*Recorded information*:
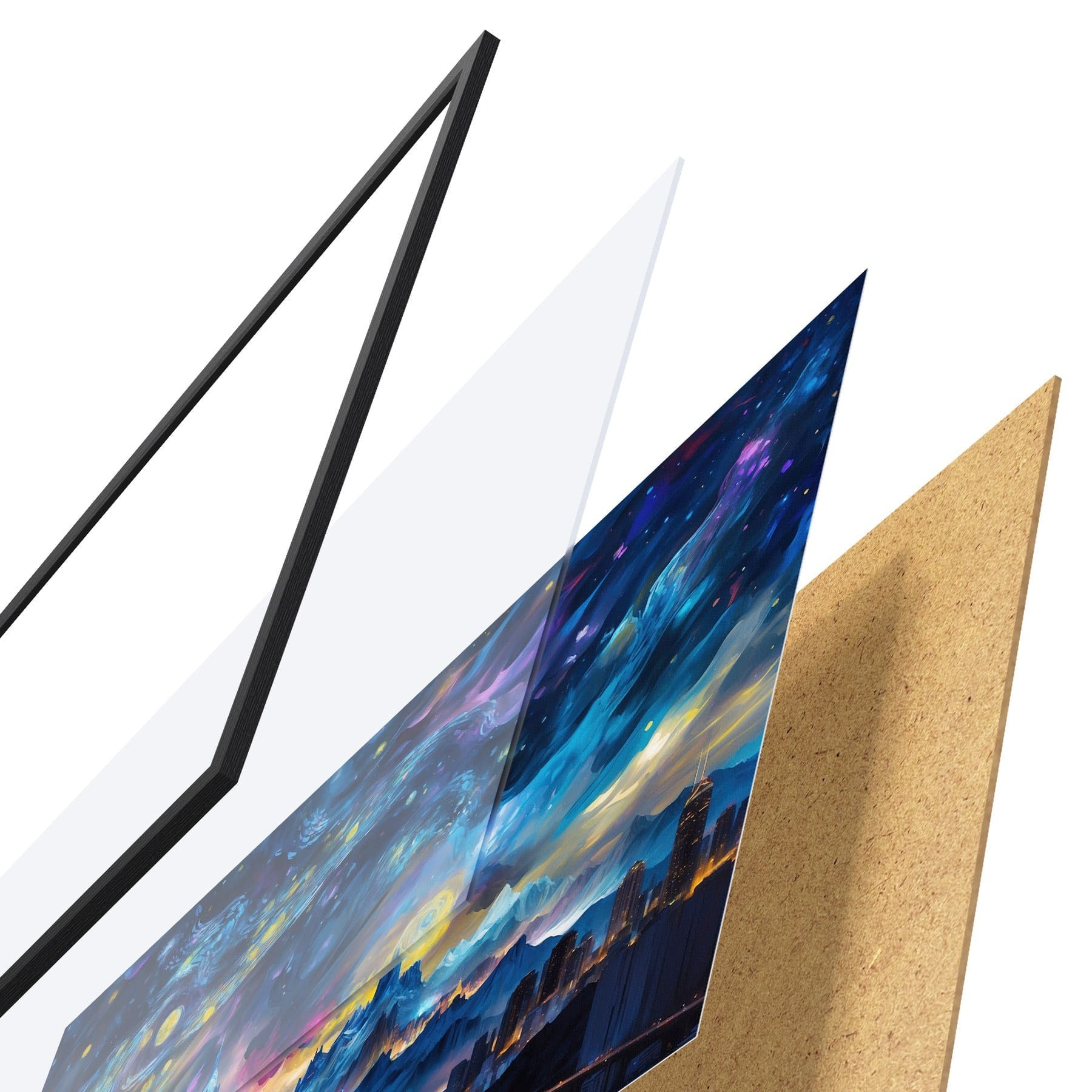 Plakát se skládá z rámu, plexiskla, tištěného obrazu a dřevotřískového podkladu. Díky úchytům na zadní straně lze plakát ihned zavěsit na zeď.
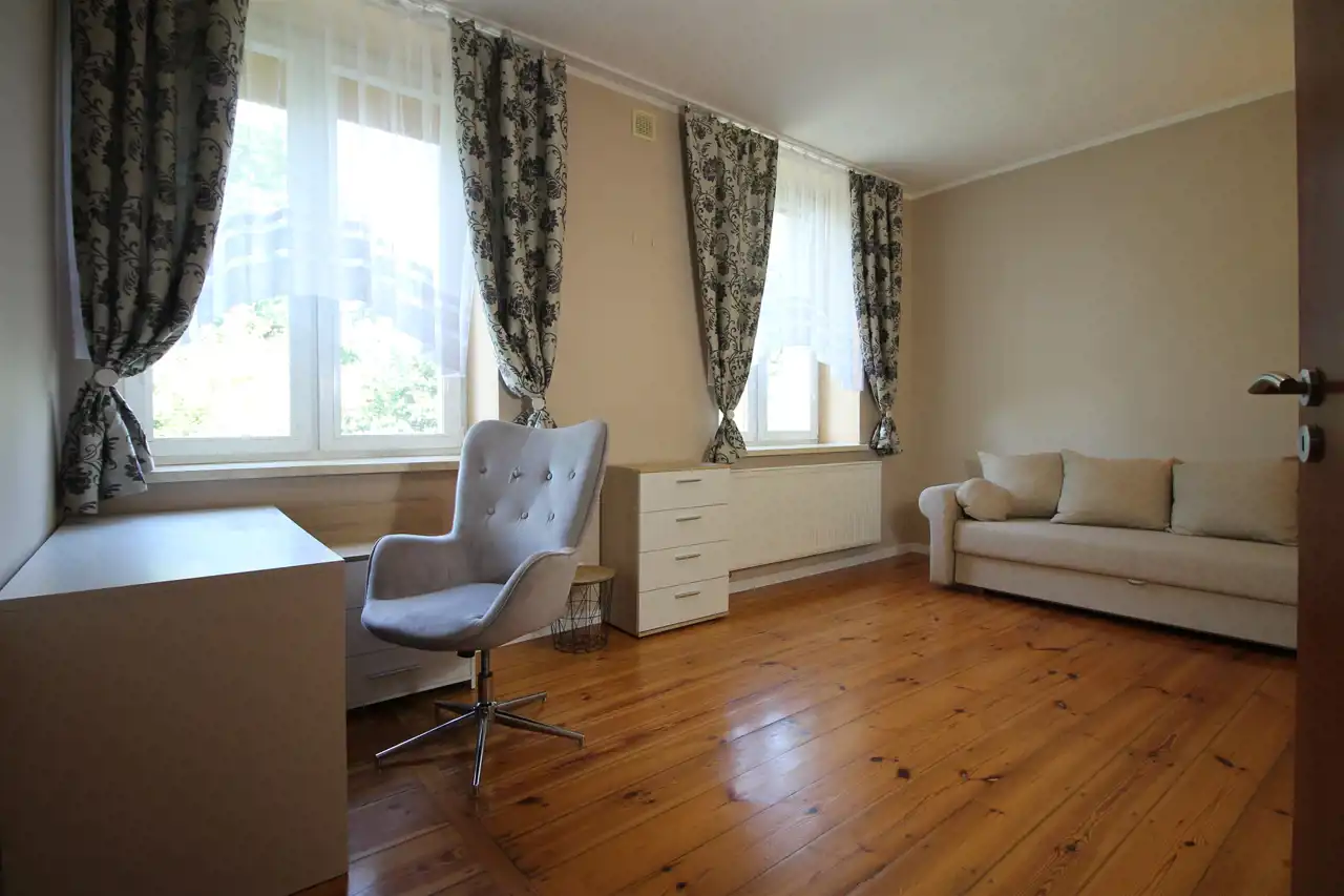 Ta oferta stanowi z wielu powodów niepowtarzalną okazję szczególnie dla osób poszukujących nie tylko wygodnego lokum, ale też wytchnienia od miejskiego zgiełku, doceniających bliskość natury, zalety dużego ogrodu, ciszę i spokój otoczenia.
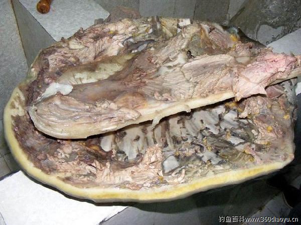 胆子一壮,自己开始收线,入手很重,拉上来是一只脸盆大的大甲鱼。两股钓线已经被咬断一股,再迟些时候,它就会逃掉了,所以我起线正是时候。
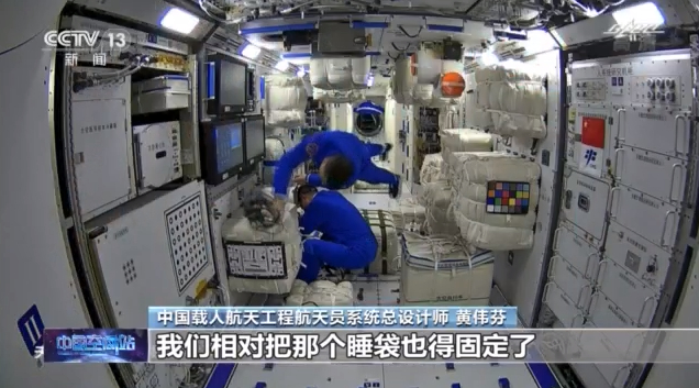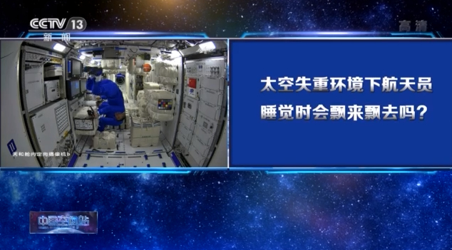 中国载人航天工程航天员系统总设计师 黄伟芬:他就钻到睡袋里头,我们把睡袋也得固定了,如果你不固定了,当他睡着的时候,就跑了,睡袋就会飘起来了。他们一般也就穿个内衣睡觉,或者穿个休闲服,这根据个人喜好,没有固定规定。

*Task goal*: Each line from the first line of the listing through the line with "Ta oferta stanowi" must be printed exactly, both ends included, and no picture may appear.

*Exercise solution*:
 Plakát se skládá z rámu, plexiskla, tištěného obrazu a dřevotřískového podkladu. Díky úchytům na zadní straně lze plakát ihned zavěsit na zeď.
 Ta oferta stanowi z wielu powodów niepowtarzalną okazję szczególnie dla osób poszukujących nie tylko wygodnego lokum, ale też wytchnienia od miejskiego zgiełku, doceniających bliskość natury, zalety dużego ogrodu, ciszę i spokój otoczenia.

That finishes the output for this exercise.